よろず屋本舗。





「……え、っと」

「ニーナあいつと喋ったことある?」

「い、いや、ないかなー」

「だよねー」

「ってかアイツと何喋んの?的な?」

「っつーかむしろアイツ喋れんのみたいな?」

「無口すぎて逆に怖ぇーし」

「まあ目障りだから、ニーナが睨んじゃう気持ち超わかるかも」

「わかるわかるー」

「……あはは、そう?」


私は笑う。みんなも笑う。

罪悪感がふつふつとわき上がる。でも笑わなきゃいけない。

心の中だけで、永瑠ちゃんに謝る。

私は思ってない。そんなこと思ってないから。って。
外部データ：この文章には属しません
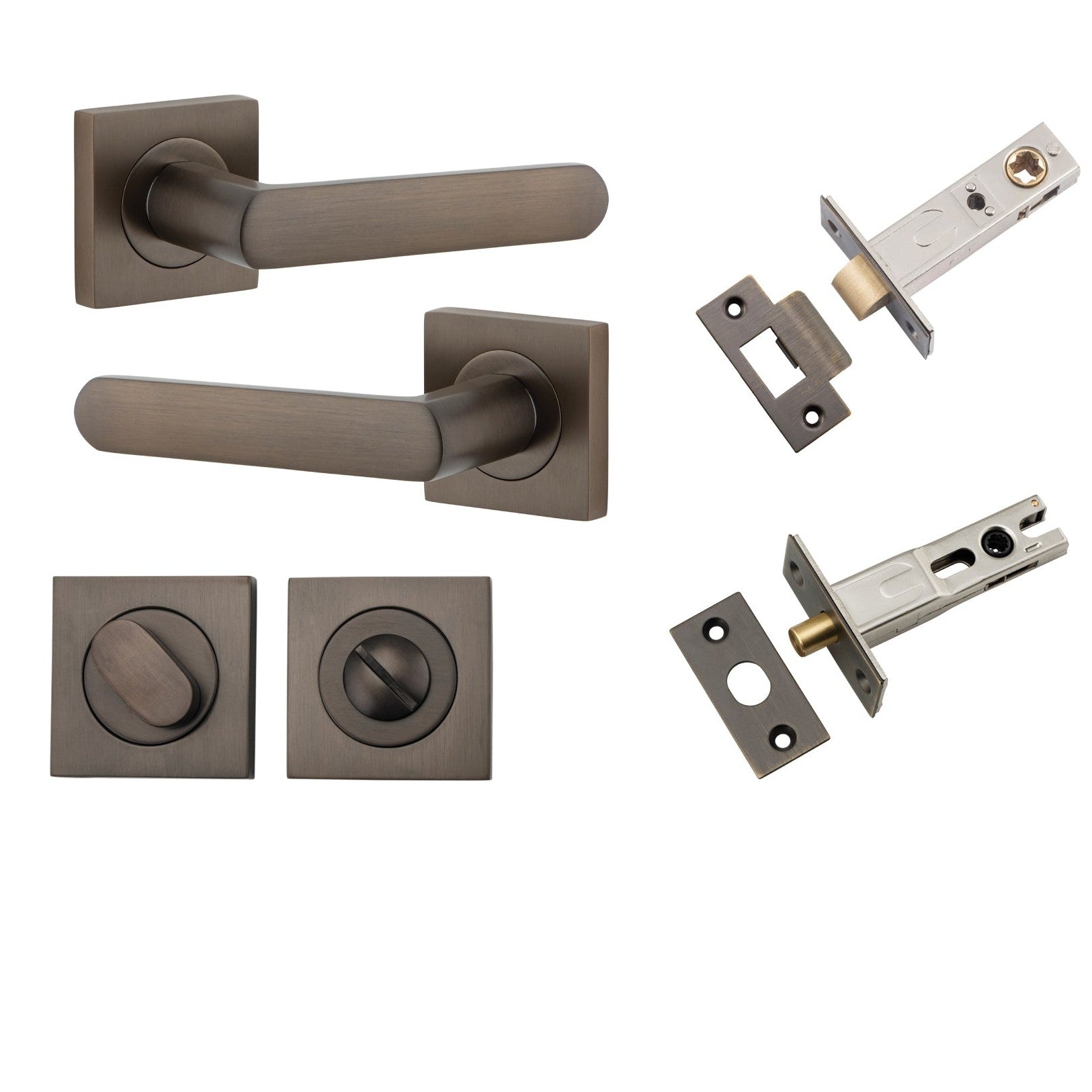 Included in Kit: Door Lever Osaka Square Rose Signature Brass H52xW52xP55mm Privacy Kit, Tube Latch Split Cam 'T' Striker Signature Brass Backset 60mm, Privacy Bolt Round Bolt Signature Brass Backset 60mm, Privacy Turn Oval Concealed Fix Square Signature Brass H52xW52xP23mm

許しを請うように。

そんな私の胸中に気づくトモダチなんて居ないから。

みんなはすぐにまた、昨日のテレビの話に戻る。

別に面白くもなんともないテレビの話に、私は笑わなければならないのだ。



教室の隅に座る彼女が、たまにうらやましくもなる。

あなたは私みたいに、ムリして笑わなくていいから、いいね。って。






*****





その日は放課後、私は日直の仕事でひとり、教室に残っていた。

グループのみんなが「サボっちゃえよー」って遊びに誘って来たけど、ちょうどその時、担任の先生から呼ばれたから、みんなも渋々と言ったように私から離れて行った。

みんな面倒事には関わりたくないからだ。

だけど私にとって、それはとてもありがたいことだった。

放課後まで息苦しい思いをしなければならないなんて、もう、たまったものじゃないから。

放課後になってやっと、少し息ができるようになるのが、もはや日常だった。